Exercise prompt —
Give the lines below again, exactly as they stand, and leave out the images.

Supplied material —
^^^^^^^^^^^^^^^^

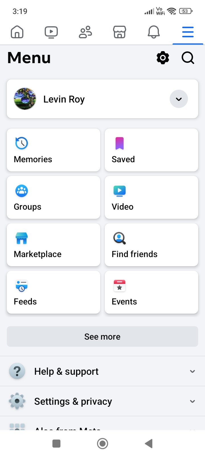 - Facebook uygulamasını açın ve sağ üstte profil simginize dokunarak menüyü açın.
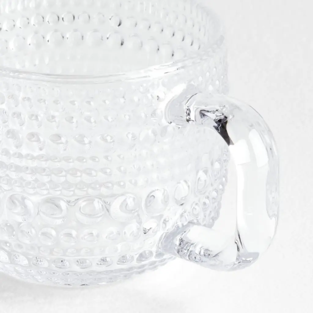 Inspired by Parisian flea market finds, the Alma mug brings fascinating texture to freshly pulled espresso. The clear glass mini mug is molded with bands of petite beads that give Alma its charming vintage appeal. Upgrade your coffee hour with a set or pack a couple up along with some of our espresso spoons for an easy gift.
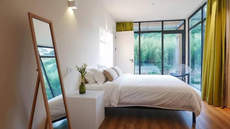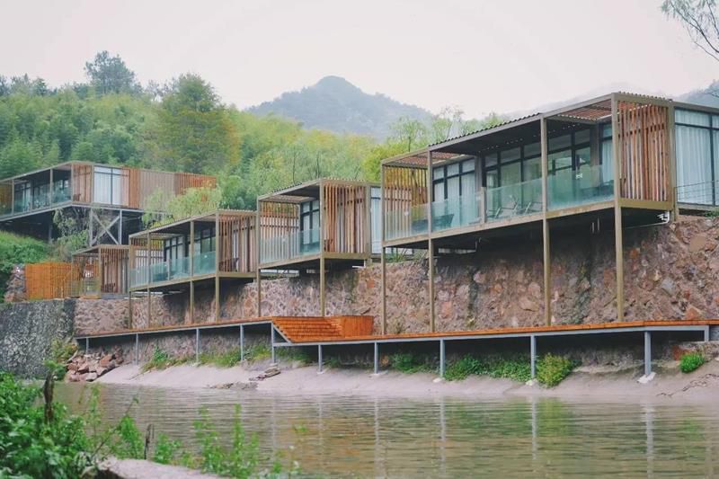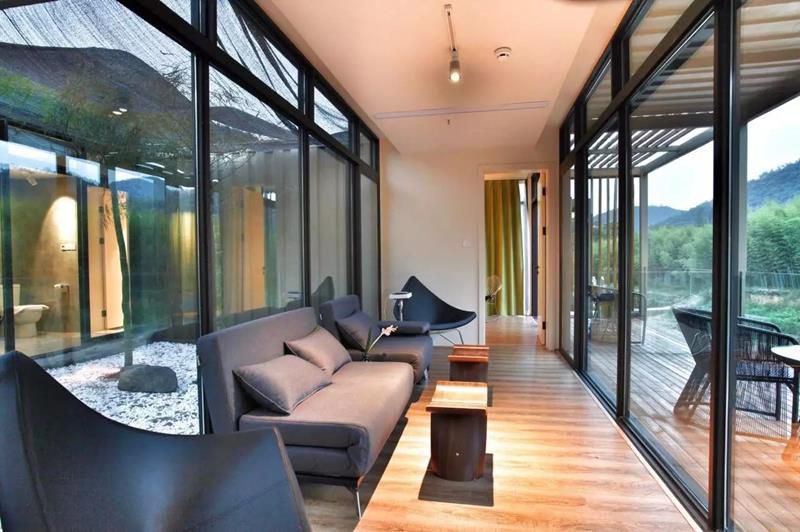 既然叫做“溪地”,必然有一條溪流。溪地整體建筑的線條顯得剛硬,旁邊流過(guò)的溪水正好柔化了它。來(lái)自?shī)W地利的設(shè)計(jì)師Genceo Berk將山水草木和現(xiàn)代工業(yè)結(jié)合出了別具一格的集裝箱精品酒店,有大面積落地窗的箱體,則種植了莫干山當(dāng)?shù)靥禺a(chǎn)的竹子來(lái)做天然屏障保護(hù)隱私。

^^^^^^^^^^^^^^^^

Output of the task —
 - Facebook uygulamasını açın ve sağ üstte profil simginize dokunarak menüyü açın.
 Inspired by Parisian flea market finds, the Alma mug brings fascinating texture to freshly pulled espresso. The clear glass mini mug is molded with bands of petite beads that give Alma its charming vintage appeal. Upgrade your coffee hour with a set or pack a couple up along with some of our espresso spoons for an easy gift.
 既然叫做“溪地”,必然有一條溪流。溪地整體建筑的線條顯得剛硬,旁邊流過(guò)的溪水正好柔化了它。來(lái)自?shī)W地利的設(shè)計(jì)師Genceo Berk將山水草木和現(xiàn)代工業(yè)結(jié)合出了別具一格的集裝箱精品酒店,有大面積落地窗的箱體,則種植了莫干山當(dāng)?shù)靥禺a(chǎn)的竹子來(lái)做天然屏障保護(hù)隱私。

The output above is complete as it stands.